◆ **YOUR INSTRUCTIONS**
Set the records down again exactly, apart from any pictures in them.

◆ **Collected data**
>>>

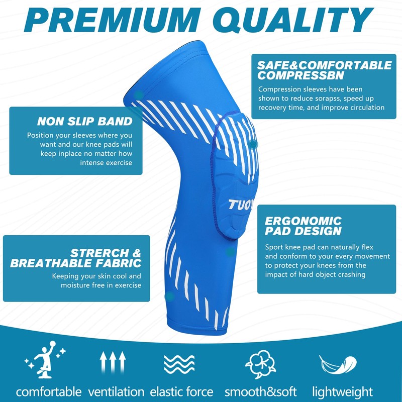 • Protective EVA Pads: Intergrated with 10mm thick foam padding strategically placed to protect every angle of the knee cap. Perfect in mitigating and dispersing shocks and impact. Provides snug fit and compression support.
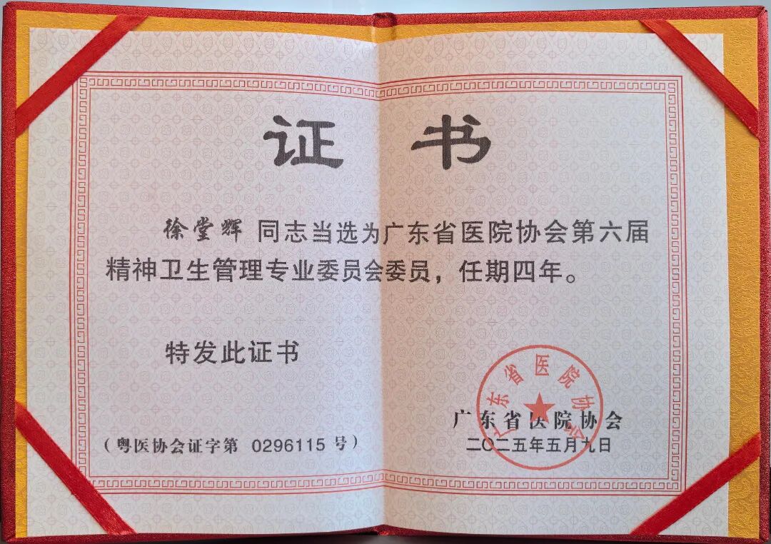 另我院徐堂辉主任当选为广东省医院协会第六届精神卫生管理专业委员会委员。
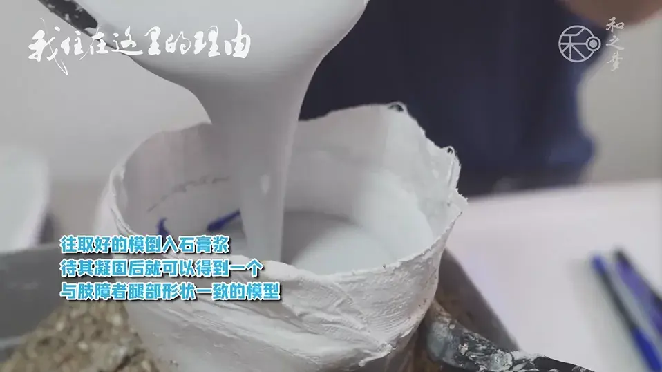 往取好的模倒入石膏浆,待其凝固后,就可以得到一个与肢障者腿部形状一致的模型。
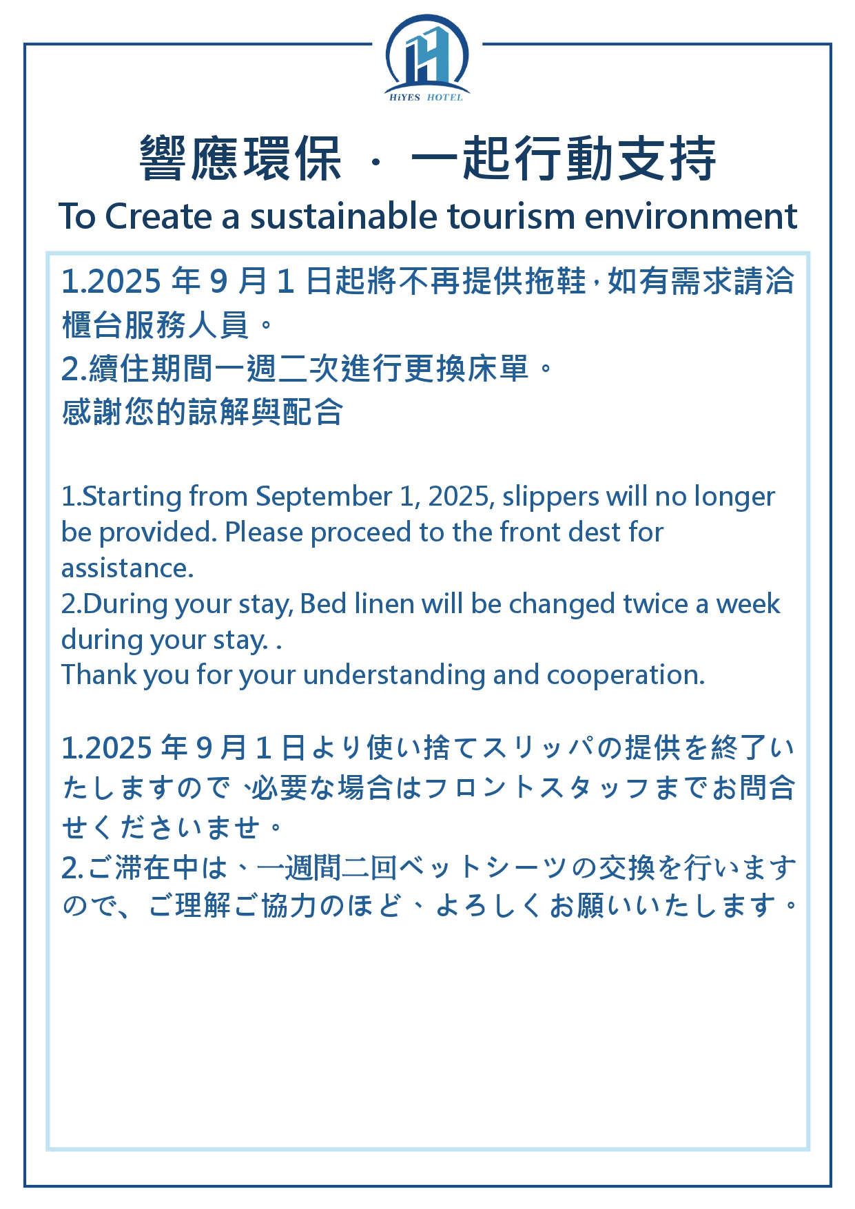 1.2025年9月1日起將不再提供拖鞋,如有需求請洽櫃台服務人員。
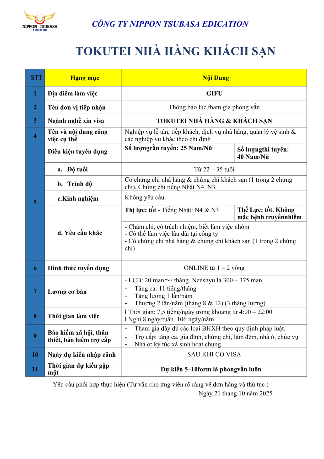 Đơn vị tuyển dụng: Công ty Nippon Tsubasa Education (NTE JAPAN) phối hợp cùng doanh nghiệp tiếp nhận tại Nhật Bản.Chương trình Kỹ năng đặc định (Tokutei Gino) trong ngành Nhà hàng – Khách sạn là một trong những lĩnh vực có nhu cầu tuyển dụng cao nhất tại Nhật Bản hiện nay. Ứng viên sẽ có cơ hội làm việc hợp pháp, lâu dài, hưởng lương – bảo hiểm – phúc lợi đầy đủ theo quy định của Chính phủ Nhật Bản.

<<<

◆ **RESULT OF THE TASK**
 • Protective EVA Pads: Intergrated with 10mm thick foam padding strategically placed to protect every angle of the knee cap. Perfect in mitigating and dispersing shocks and impact. Provides snug fit and compression support.
 另我院徐堂辉主任当选为广东省医院协会第六届精神卫生管理专业委员会委员。
 往取好的模倒入石膏浆,待其凝固后,就可以得到一个与肢障者腿部形状一致的模型。
 1.2025年9月1日起將不再提供拖鞋,如有需求請洽櫃台服務人員。
 Đơn vị tuyển dụng: Công ty Nippon Tsubasa Education (NTE JAPAN) phối hợp cùng doanh nghiệp tiếp nhận tại Nhật Bản.Chương trình Kỹ năng đặc định (Tokutei Gino) trong ngành Nhà hàng – Khách sạn là một trong những lĩnh vực có nhu cầu tuyển dụng cao nhất tại Nhật Bản hiện nay. Ứng viên sẽ có cơ hội làm việc hợp pháp, lâu dài, hưởng lương – bảo hiểm – phúc lợi đầy đủ theo quy định của Chính phủ Nhật Bản.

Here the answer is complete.